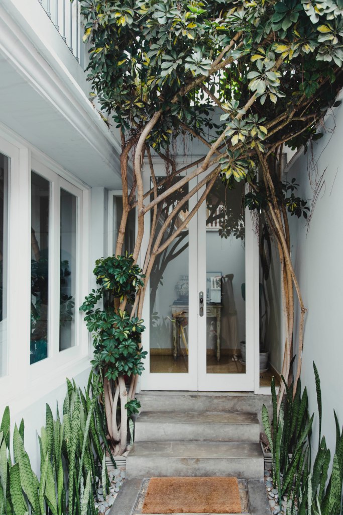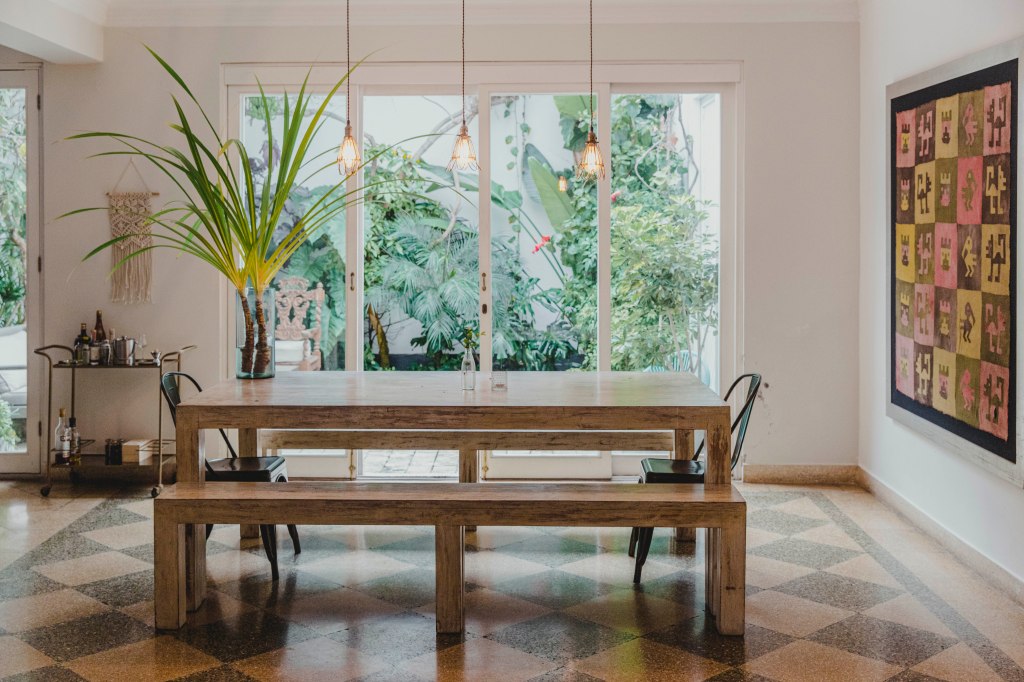 Llegaron con sus muebles, pero de la casa antigua pidieron quedarse con el comedor –un robusto tablero con bancas como las de parque, en madera wash–, que es hoy el punto de encuentro y el corazón de la vida cotidiana. Otra herencia muy importante es la frondosa vegetación que recibieron. Ellos agregaron algunas macetas para el interior, pero se han ocupado con el mismo esmero de los árboles y plantas de hojas grandes que ya habitaban las terrazas y los distintos ambientes. Valeria siente que, al hacerlo, al tomar con agradecimiento la posta, se han hecho parte de la historia de la casa. La vida sigue a través de ellos.
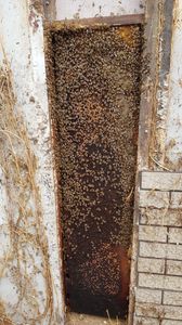 As we removed the wall sheeting from the hive we discovered a seconed layer beneath. Suddenly our work time increased by another hour as we had to spend longer exposing the hive.
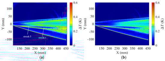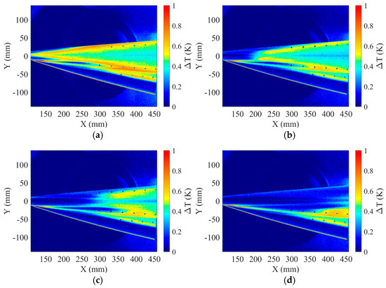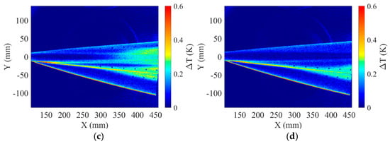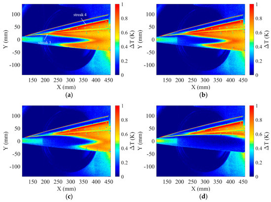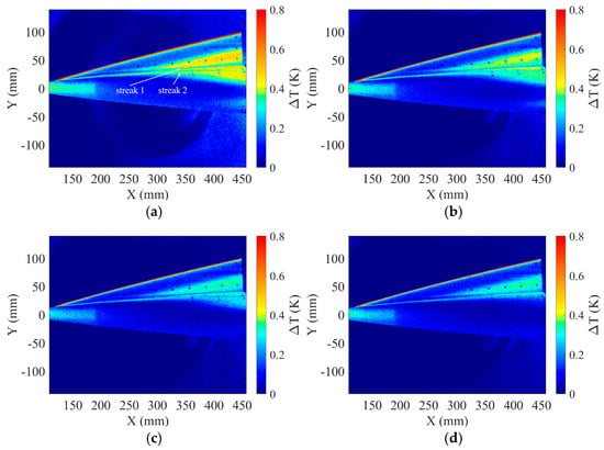 The IR thermography measurements are performed using IRMC-615BB system (IRSV, Beijing, China). This device has a temperature resolution of less than 20 mK, a frame rate of 200 Hz, and a pixel resolution of 640 × 512. When the flow transitions from laminar to turbulent, the convective heat transfer coefficient increases sharply, leading to a rapid rise in the model surface temperature. This abrupt temperature change serves as a key criterion for determining the boundary-layer transition location. By calculating the difference between IR images captured before and after the wind tunnel operation, the model surface temperature rise (∆T) can be obtained. A calcium fluoride IR viewing window was used in the experiment to meet the requirements of optical measurements.
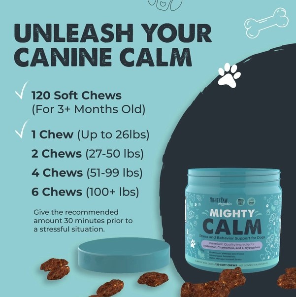 Help your dog relax with Mighty Paw Waggables Calm Chews. Formulated with melatonin, chamomile, and L-theanine, these soft chews are designed to promote calm behavior, reduce stress, and ease separation anxiety. Perfect for travel, thunderstorms, fireworks, or daily stressors, the bacon-flavored chews are made in the USA with high-quality, safe ingredients. The tasty bite-sized chews are easy to administer and ideal for dogs of all sizes.
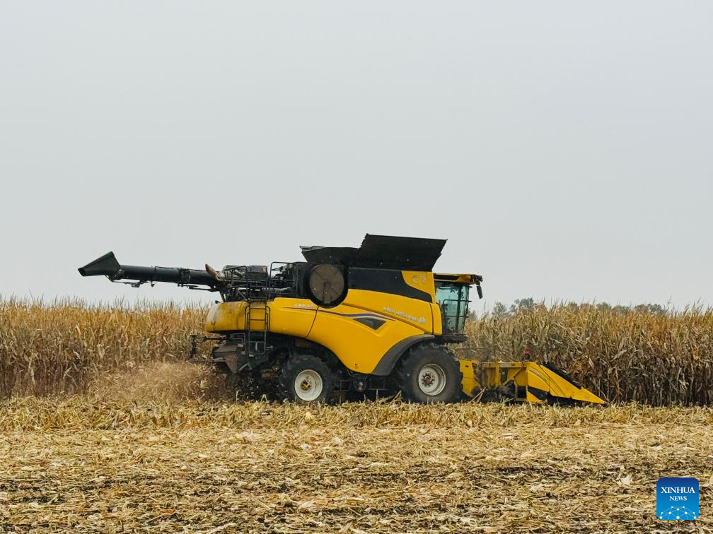 A harvester produced by the Case New Holland (CNH) works in a corn field in Shuangcheng District of Harbin, northeast China's Heilongjiang Province, Oct. 14, 2025. (Xinhua/Sun Xiaoyu)
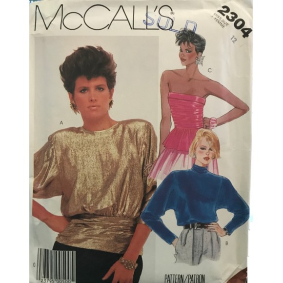 Misses' tops. Blouson pullover top (A) with long tapered sleeves, shoulder pads and back neck opening has faced bias hip band with hook and eye left side placket closure. Pullover top (B) has shoulders pads, back neck opening, faced bias collar with back gathers and back opening and long tapered sleeves. Bustier C, cut bias, is gathered to stay (underbodice), has bias upper band, boning in side seams, gathered peplum and left side placket closure with hooks and eyes
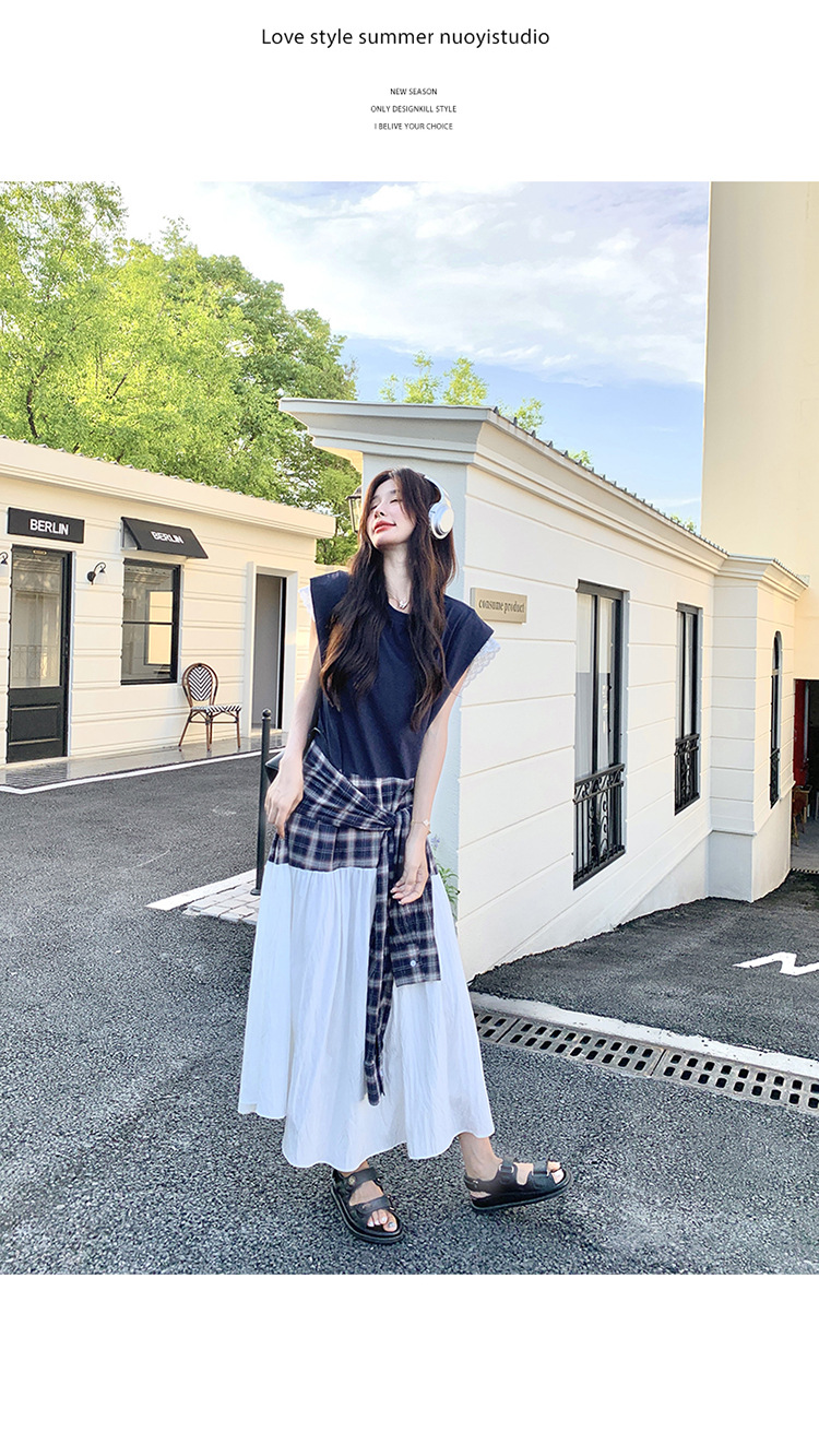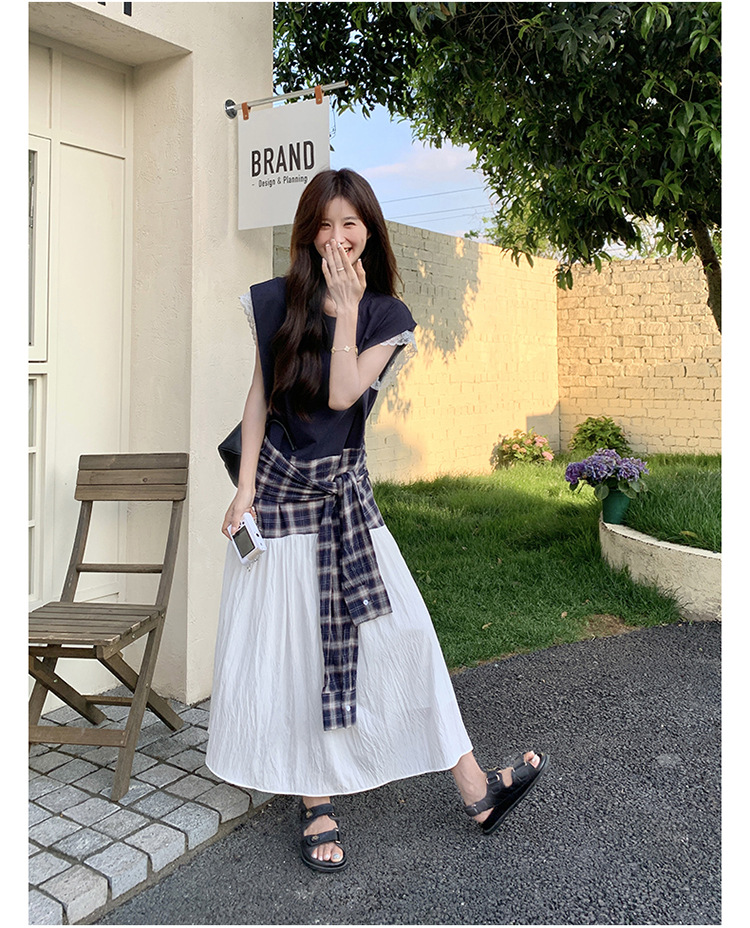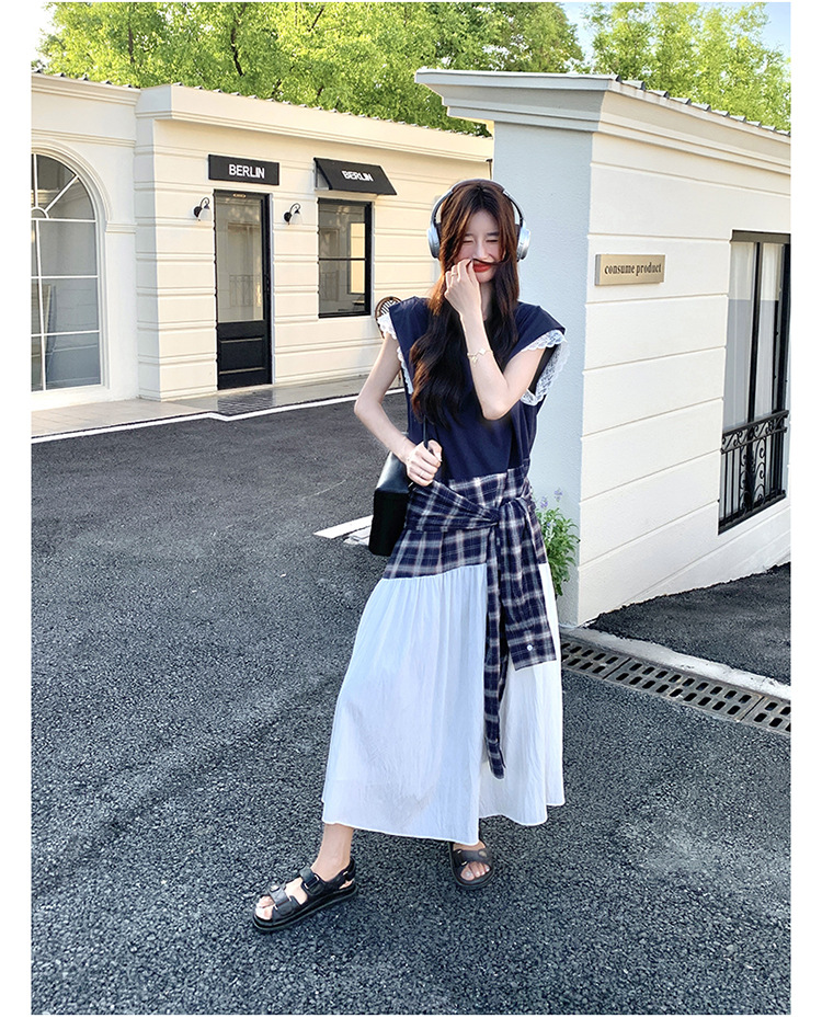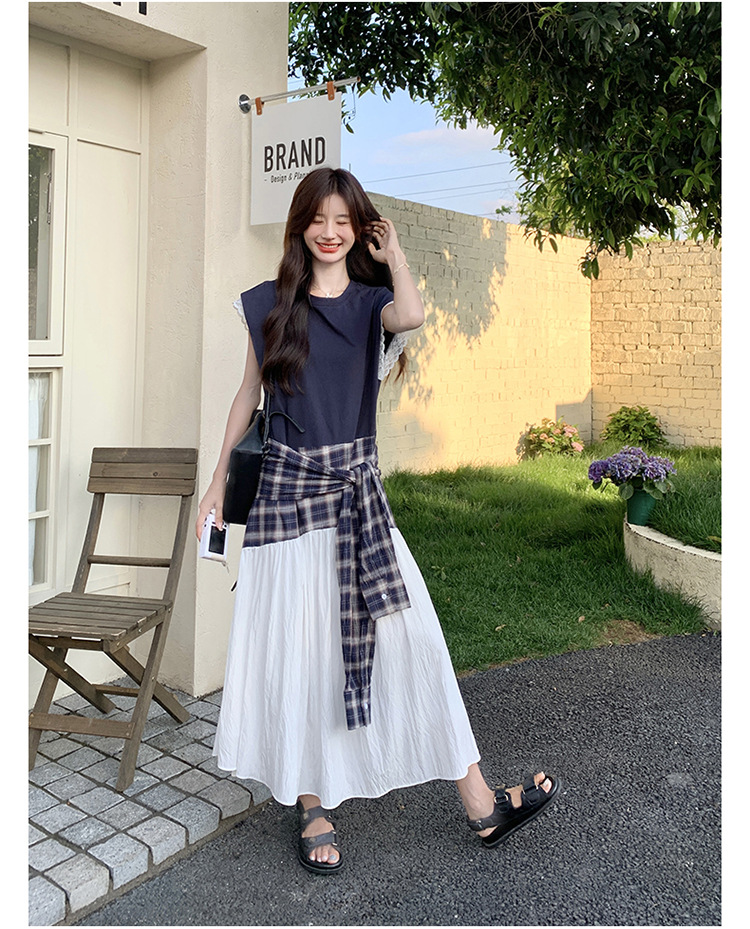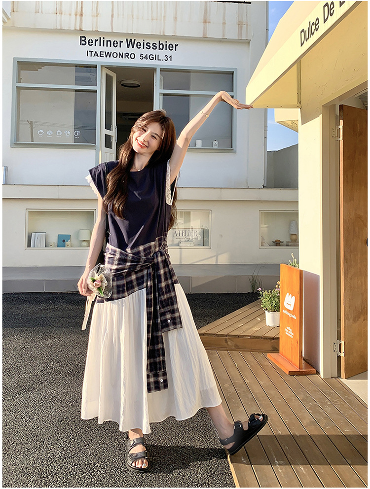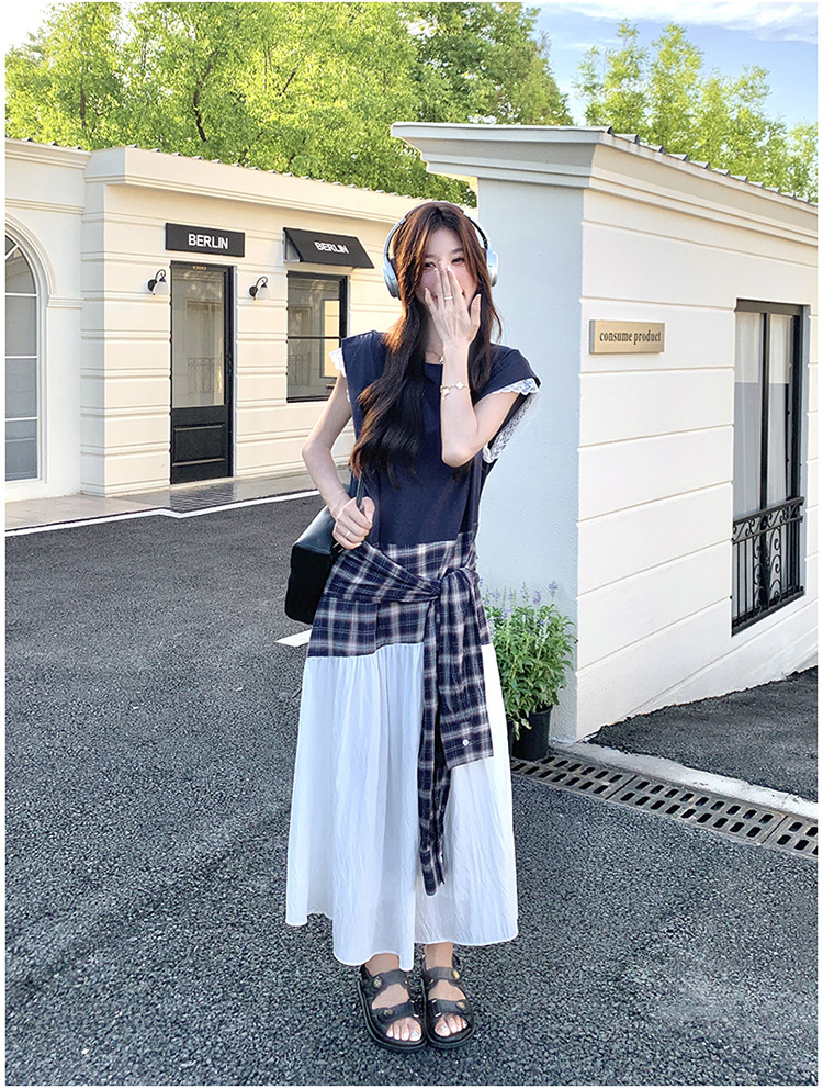 【ワンピース】夏 韓国風カジュアルな雰囲気コーデ チェック柄×レース切り替え ノースリーブワンピース【SHシリーズ】

* **EXERCISE DESCRIPTION**
Transcribe, from the records above, the first line and every line after it up to and including the line with "Help your dog"; omit pictures.

* **EXPECTED ANSWER**
 Llegaron con sus muebles, pero de la casa antigua pidieron quedarse con el comedor –un robusto tablero con bancas como las de parque, en madera wash–, que es hoy el punto de encuentro y el corazón de la vida cotidiana. Otra herencia muy importante es la frondosa vegetación que recibieron. Ellos agregaron algunas macetas para el interior, pero se han ocupado con el mismo esmero de los árboles y plantas de hojas grandes que ya habitaban las terrazas y los distintos ambientes. Valeria siente que, al hacerlo, al tomar con agradecimiento la posta, se han hecho parte de la historia de la casa. La vida sigue a través de ellos.
 As we removed the wall sheeting from the hive we discovered a seconed layer beneath. Suddenly our work time increased by another hour as we had to spend longer exposing the hive.
 The IR thermography measurements are performed using IRMC-615BB system (IRSV, Beijing, China). This device has a temperature resolution of less than 20 mK, a frame rate of 200 Hz, and a pixel resolution of 640 × 512. When the flow transitions from laminar to turbulent, the convective heat transfer coefficient increases sharply, leading to a rapid rise in the model surface temperature. This abrupt temperature change serves as a key criterion for determining the boundary-layer transition location. By calculating the difference between IR images captured before and after the wind tunnel operation, the model surface temperature rise (∆T) can be obtained. A calcium fluoride IR viewing window was used in the experiment to meet the requirements of optical measurements.
 Help your dog relax with Mighty Paw Waggables Calm Chews. Formulated with melatonin, chamomile, and L-theanine, these soft chews are designed to promote calm behavior, reduce stress, and ease separation anxiety. Perfect for travel, thunderstorms, fireworks, or daily stressors, the bacon-flavored chews are made in the USA with high-quality, safe ingredients. The tasty bite-sized chews are easy to administer and ideal for dogs of all sizes.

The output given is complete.